Faith Kipyegon wins the 1500m at the IAAF Diamond League in Shanghai (© Getty Images)
If anyone can block Genzebe Dibaba's 1500m title tilt at the Rio Olympics, it's 22-year-old Faith Kipyegon. The Kenyan has lit up this year's Diamond League circuit, recording national records in Shanghai and then Eugene. She says it's only the start.
Growing up the eighth of nine children on a farm in the Kenyan Rift Valley, Faith Kipyegon has running in her blood. Her elder sister and training partner, Beatrice Mutai, is a 10km (32:25) and half-marathon (69:30) specialist, who earlier this year won bronze at the African Cross Country Championships in Cameroon. Her father, Samuel Koech, was also a 400m and 800m runner in his youth.

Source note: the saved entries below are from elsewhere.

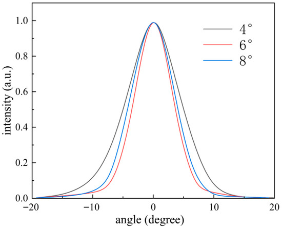 Figure 5 shows the far-field characteristics at taper angles of 4°, 6°, and 8°, respectively. As can be seen from the figure, all three curves exhibit a single-lobed distribution near 0°, indicating that the laser energy is concentrated in the forward emission direction, which is consistent with the typical far-field characteristics of lasers. When the taper angle is 6°, the waveguide structure provides stronger transverse confinement of the optical field, resulting in a small beam divergence angle with energy concentrated in the forward direction (near 0°), forming a narrow and high bell-shaped curve. In contrast, at taper angles of 4° and 8°, the lateral confinement of the waveguide is weakened, leading to broadening of transverse modes during propagation and enhanced diffraction effects. This causes the energy to spread over larger angles, manifesting as a broader curve with elevated intensity at the edges. Furthermore, variations in the taper angle may excite higher-order modes, further broadening the far-field distribution. Therefore, the optimal taper angle is 6°.
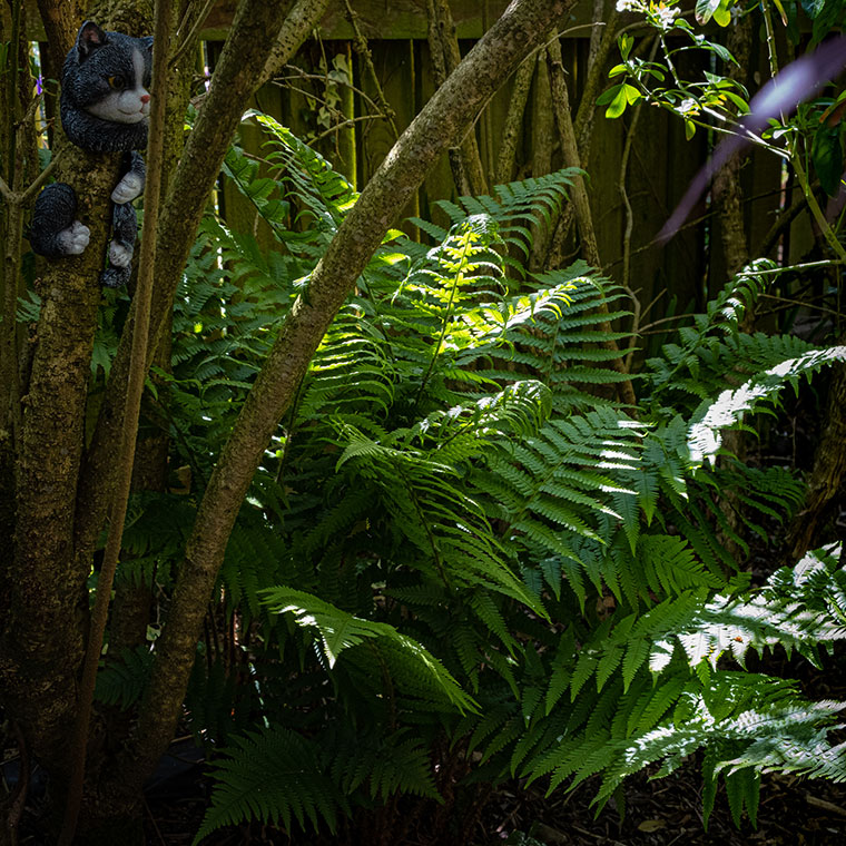 Inside the area there’s a few smallish ferns and hostas, but when I went in there a few weeks ago to add the little tree hugger, I spotted this lovely fern, happily growing in dappled shade.
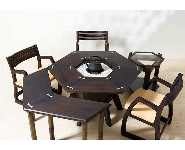 暖気式火鉢テーブルセット(桐材・クルミ材/テーブル:約幅121×奥行105×高さ67cm、V型サイドテーブル:約幅65×奥行105×高さ67cm、アームチェア3脚セット:約幅55×奥行52×高さ75cm〈シート高41cm〉) 1,413,500円/サイドテーブル(約幅58×奥行50×高さ61cm) 99,000円
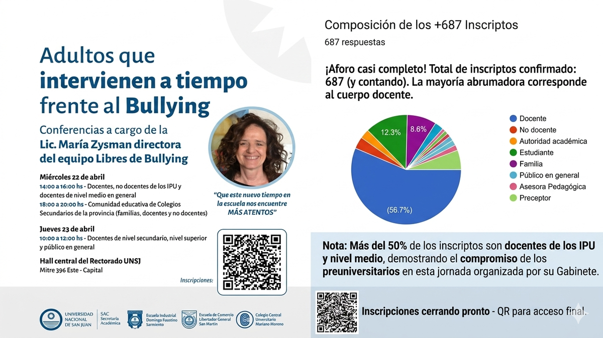 La provincia recibe este miércoles a la Lic. María Zysman, directora del equipo "Libres de Bullying", para encabezar un ciclo de conferencias titulado "Adultos que intervienen a tiempo frente al Bullying". La iniciativa, organizada por el gabinete de las escuelas preuniversitarias (IPU) de la Universidad Nacional de San Juan, generóuna respuesta masiva por parte de la comunidad educativa.
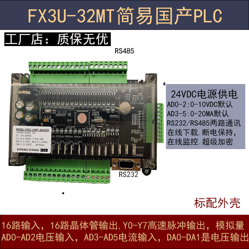 Plc industrial control board controller domestic simple board type FX3U24MT programmable controller compatible with work2 software high-speed input port AB (not single shot)
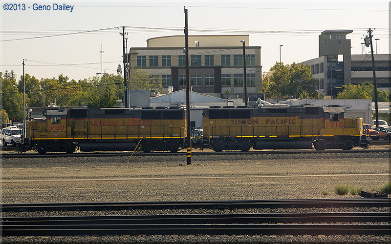 | 2 Union Pacific EMD GP38-2's at Roseville yard. |
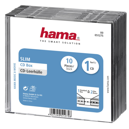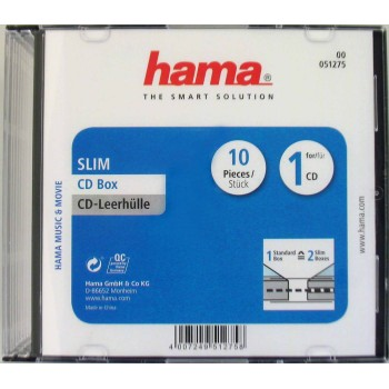 Hama CD Slim Box, obal na 1 cd/dvd, průhledný/černý, balení 10 ks (cena za balení)
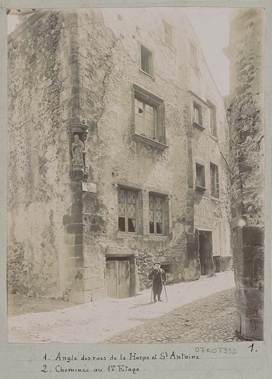 Fenêtres et portes gothiques en façade, ainsi qu'une statuette de Saint-Antoine dans une niche creusée à l'angle. La niche se compose d'un cul-de-lampe, de deux pilastres et d'un dais, son architecture offrant les caractéristiques de la première Renaissance. La porte d'entrée rue de la Harpe est surmontée d'une inscription portant l'année 1534. La porte s'ouvre sur un escalier à vis. A l'intérieur, le rez-de-chaussée présente une pièce avec cheminée moulurée à double courbure en plan au-dessus de chaque jambage. Au centre de la frise est un écusson aux armes du propriétaire originel. Au premier étage, la cheminée, plus simple, porte le nom du propriétaire : Antoine Pandu. Plafonds à solives apparentes.
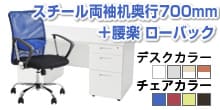 スチールデスクは配線カバー2ヶ所と薄型引き出し、ファイルなどを大量収納できる両袖付き。チェアはシンプル&コンパクト設計です。デスク3色・チェアは豊富な5色展開。 -
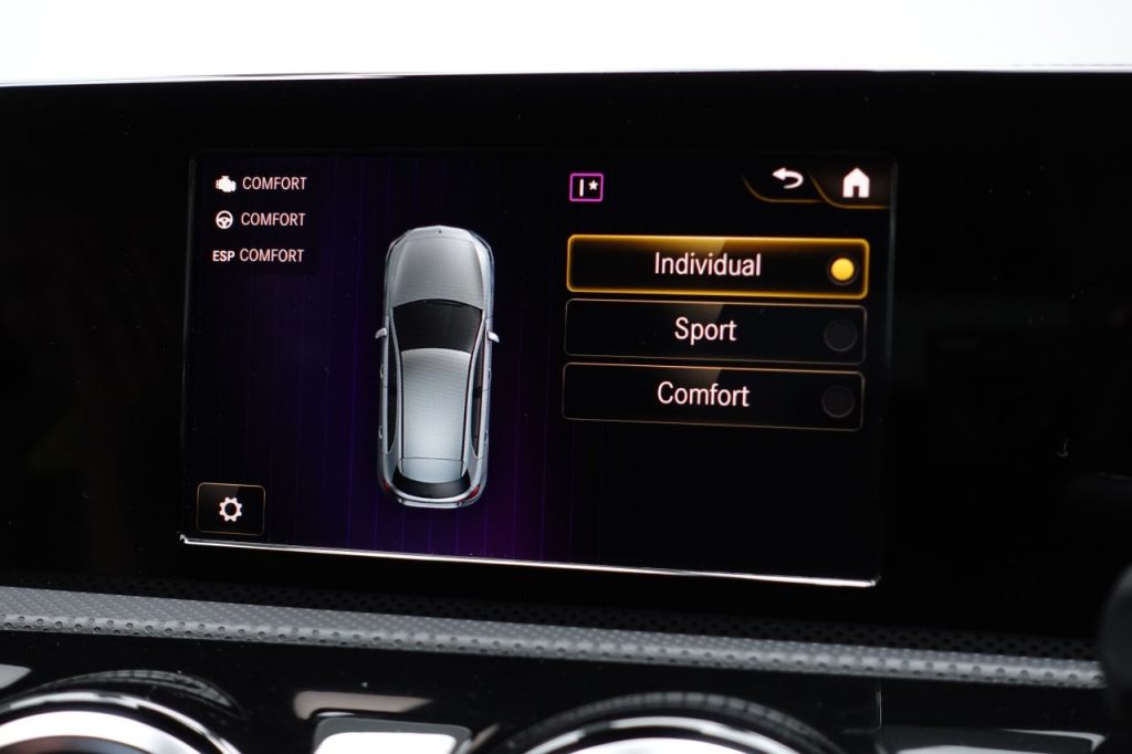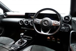 Other features: Air Conditioning – THERMOTRONIC Luxury Automatic Climate Control – Two-Zone with Display,Air Vents – Black with Silver Chrome Elements,Brushed Stainless Steel Sports Pedals with Rubber Studs,Centre Armrest – Front with Stowage,Floor Mats with Stitched Edging and AMG Lettering,Front Door Sills with Mercedes-Benz Lettering,Heated Front Seats,Instrument Display – 7in Display,Interior Mirror with Reading Lamps in Black and Frameless,KEYLESS-GO Starting Function,Light and Sight Package,Luggage Nets on Driver and Front Passengers Backrests,Rain-Sensing Windscreen Wipers with Two Sensitivity Settings,Roof Lining – Black,Seat Belts – Black,Seat Comfort Package,Seats – Rear Seat Backrests – Split Folding 40-20-40,Sports Seats with Integrated Head Restraints,Steering Column – Manually Adjustable for Height and Reach,Steering Wheel – 3-Spoke Multi-Function – Trimmed in Leather with Flattened Bottom Section and Perforated Leather in Grip Area with Galvanised Shift Paddles,Sun Visors with Illuminated Vanity Mirrors 18in Alloy Wheels – AMG 5-Twin-Spoke Design – Painted in Titanium Grey with a High Sheen Finish,AMG Bodystyling – Front and Rear Apron,Beltline Strips – Chrome,Bodystyling – Side Skirts – Body-Coloured,Brake Calipers – Mercedes-Benz Lettering on Front,Bumpers – Body Coloured,Chrome Weather Strip,Diamond Radiator Grille with Pins in Chrome – Silver-Painted Louvre and Insert in Chrome,Door Handles – Body Coloured,Door Mirrors – Electrically Adjustable and Heated with Integrated LED Indicators,Electric Windows – 4,Exhaust System – Two Visible Tailpipe Trim Elements and Rear Apron with Trim in Chrome,Glass – Rear Windscreen – Heated with Timer Control,Privacy Glass,Rear Fog Light,Summer Tyres,TIREFIT Tyre-Sealant Kit,Window Line – Chrome ABS – Anti-Lock Braking System with BAS – Brake Assist,Active Bonnet – Pedestrian Safety Measure which Detects an Impact and Raises Bonnet by 65mm,Active Brake ASSIST,Active Lane Keeping Assist,Adaptive Brake Assist with Hold Function and Hill Start Assist,Adaptive Brake Lights,Airbag – Kneebag for Driver,Airbags – Dual Stage – Driver and Front Passenger,Airbags – Windowbags for Driver and Front Passenger,Alarm System with Immobiliser and Interior Protection – Thatcham Category 1,ATTENTION Assist,Automatic Child Seat Recognition Sensor,Brake-Pad Wear Warning Indicator,Car Wash Mode,Childproof Locks – Manually Operated for Rear Doors and Electrically Operated for Rear Power Windows,Crash-Responsive Emergency Lighting,Cruise Control with Limiter,Dynamic Select with a Choice of Driving Modes – ECO-Comfort-Sport and Individual,Electric Parking Brake,ESP – Electronic Stability Programme with ASR – Acceleration Skid Control,ESP Curve Dynamic Assist,First Aid Kit and Warning Triangle,Hey Mercedes – Voice Activation, Direct Steer Speed-Sensitive Power Steering,Headlamp Assist – Automatic Headlamp Activation,High Level Third Brake Light – LED,LED High Performance Headlamps with Integrated LED Daytime Running Lights,LED Tail Lights,Rear Axle – Torsion Beam,Suspension – Lowered Comfort Suspension
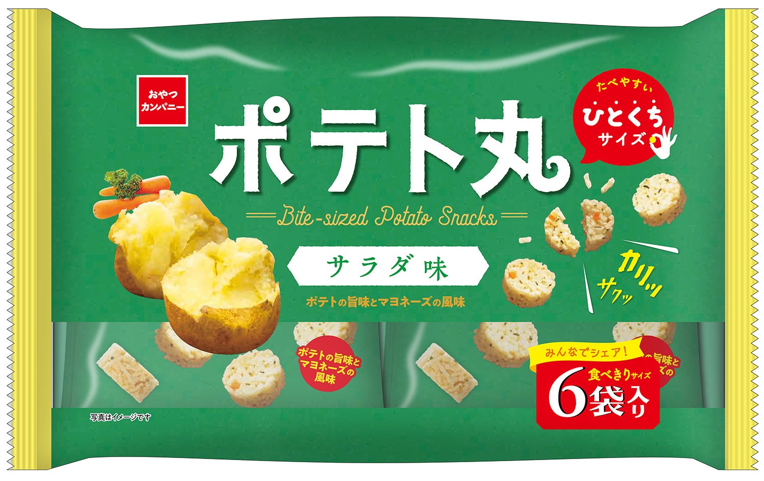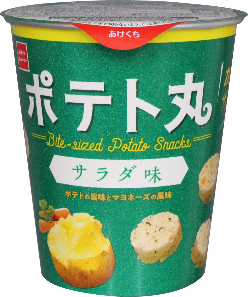 ひとくちサイズで食べやすいコロコロッと丸いカタチが生む、カリッサクッとした軽快な食感、口の中でホロホロッとほどける独特の食感変化を楽しめるポテト丸は、ひとくちで手軽にリフレッシュできる小粋な新感覚ポテトスナック菓子。日常のホッとひと息つきたいリフレッシュタイムに、ポテトの旨みとともにマヨネーズの風味が広がる「ポテト丸(サラダ味)」を是非、お楽しみください。
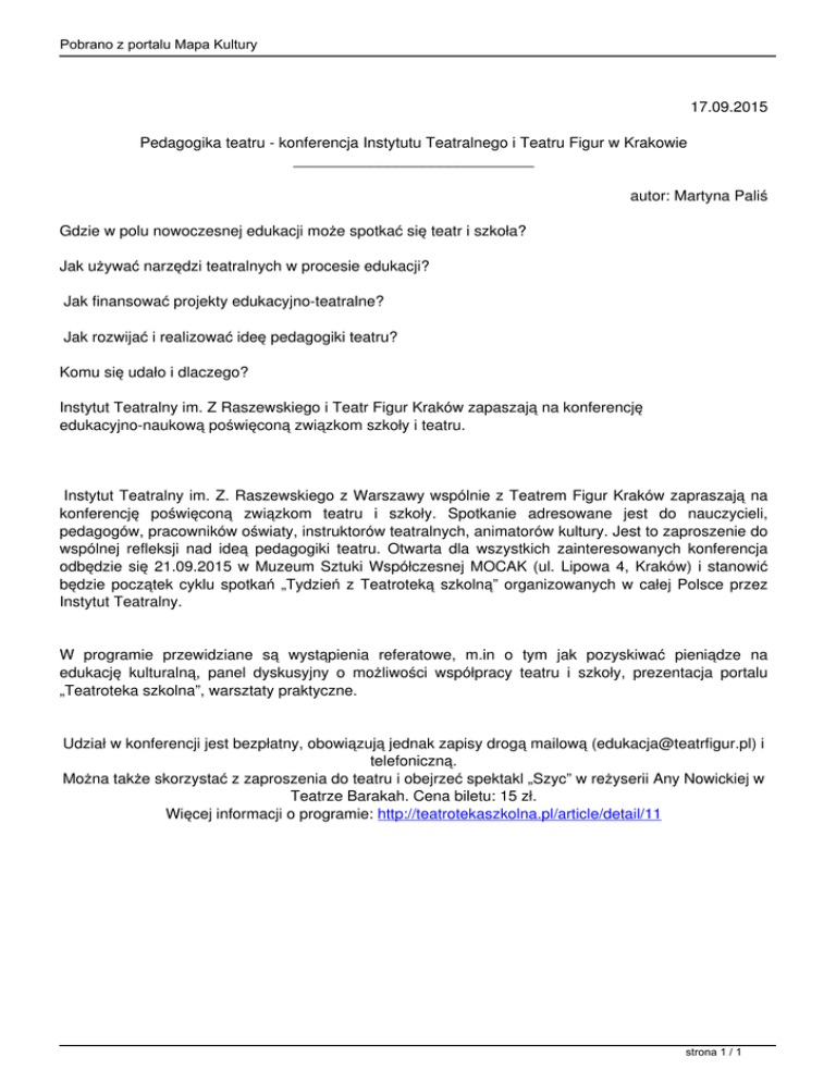 Pobrano z portalu Mapa Kultury 17.09.2015 Pedagogika teatru - konferencja Instytutu Teatralnego i Teatru Figur w Krakowie ____________________________ autor: Martyna Paliś Gdzie w polu nowoczesnej edukacji może spotkać się teatr i szkoła? Jak używać narzędzi teatralnych w procesie edukacji? Jak finansować projekty edukacyjno-teatralne? Jak rozwijać i realizować ideę pedagogiki teatru? Komu się udało i dlaczego? Instytut Teatralny im. Z Raszewskiego i Teatr Figur Kraków zapaszają na konferencję edukacyjno-naukową poświęconą związkom szkoły i teatru. Instytut Teatralny im. Z. Raszewskiego z Warszawy wspólnie z Teatrem Figur Kraków zapraszają na konferencję poświęconą związkom teatru i szkoły. Spotkanie adresowane jest do nauczycieli, pedagogów, pracowników oświaty, instruktorów teatralnych, animatorów kultury. Jest to zaproszenie do wspólnej refleksji nad ideą pedagogiki teatru. Otwarta dla wszystkich zainteresowanych konferencja odbędzie się 21.09.2015 w Muzeum Sztuki Współczesnej MOCAK (ul. Lipowa 4, Kraków) i stanowić będzie początek cyklu spotkań „Tydzień z Teatroteką szkolną” organizowanych w całej Polsce przez Instytut Teatralny. W programie przewidziane są wystąpienia referatowe, m.in o tym jak pozyskiwać pieniądze na edukację kulturalną, panel dyskusyjny o możliwości współpracy teatru i szkoły, prezentacja portalu „Teatroteka szkolna”, warsztaty praktyczne. Udział w konferencji jest bezpłatny, obowiązują jednak zapisy drogą mailową ([email protected]) i telefoniczną. Można także skorzystać z zaproszenia do teatru i obejrzeć spektakl „Szyc” w reżyserii Any Nowickiej w Teatrze Barakah. Cena biletu: 15 zł. Więcej informacji o programie: http://teatrotekaszkolna.pl/article/detail/11 strona 1 / 1
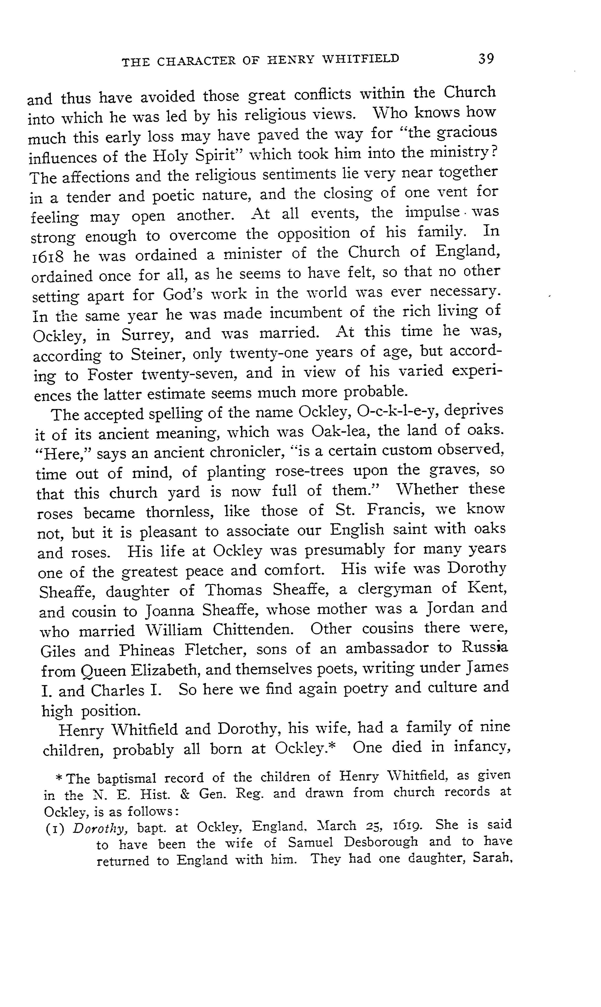 According to Cotton Mather, Henry Whitfield became a Christian in early life and was ordained to be a preacher. He entered the Christian ministry in the Church of England in 1618 (1616 according to Foster’s Alumni Qxonienses.) and enjoyed “the rich living of Ockley” in the county of Surrey, in the diocese of Winchester. He married Dorothy Sheaffer, daughter of a Kentish clergyman, and settled into the quiet, gracious life of an English Vicar.
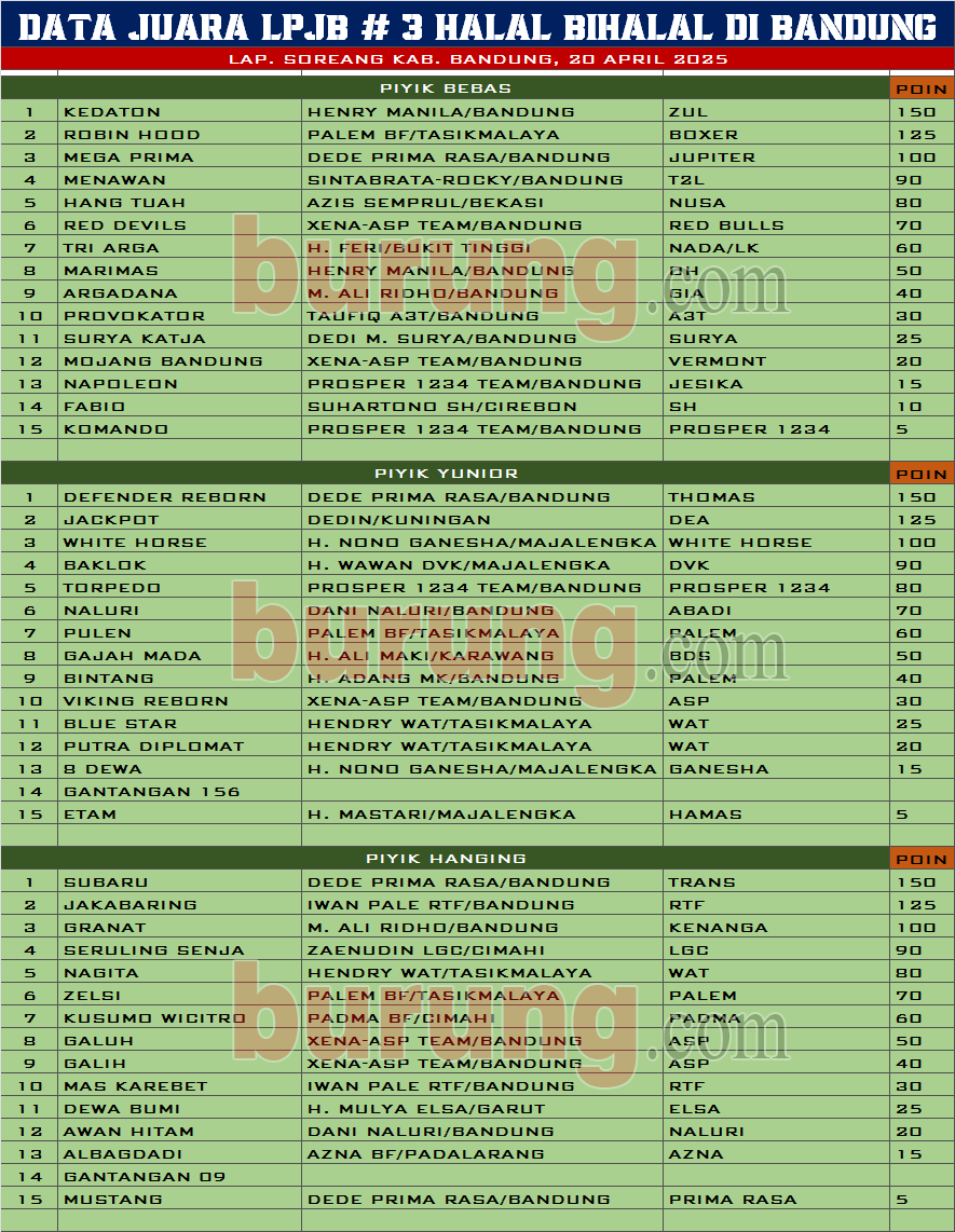 Kali ini Prima Rasa Team Bandung yang dikawal langsung Panglima BK didampingi Roy Fajri dan Wawan Morsen, kembali sukses mencatatkan prestasi gemilang. Tim yang dinakhodai Dede Prima Rasa ini berhasil mencetak Double Winners, meraih juara 1 didua kelss. Defender Reborn (Thomas) yang sedang disiapkan ke LPI #3 Semarang berhasil meraih juara 1 piyik yunior. Kemudian, Subaru (Trans) andalan anyar di kelas piyik hanging juga berhasil meraih juara 1. Sedangkan, andalan lainnya Mega Prima (Jupiter) meraih juara 3 piyik bebas dan Mustang (Prima Rasa) meraih juara 15 hanging.

For her part, Kipyegon was an enthusiastic soccer player until she was introduced to athletics at school aged 14. Her PE teacher asked the class to run a 1km. Having genuinely no clue of her running ability, what happened next came as a pleasant surprise.
“I won that race by 20m,” Kipyegon tells SPIKES. “It is only then I knew I could run fast and be a good athlete.”
Within just two years and running barefoot she finished fourth – only seven seconds shy of the podium – in the junior race at the 2010 World Cross Country Championships in Bydgoszcz (a Mecca of IAAF championships).
With a little more confidence she might have placed even higher.
“It was my first overseas competition and I was just running to follow my fellow Kenyans,” she admits. “It was a surprise for me to finish fourth.”
Later that year she showed her exciting track potential by finishing third in the 1500m at the Kenyan World Junior Championship Trials in Nairobi.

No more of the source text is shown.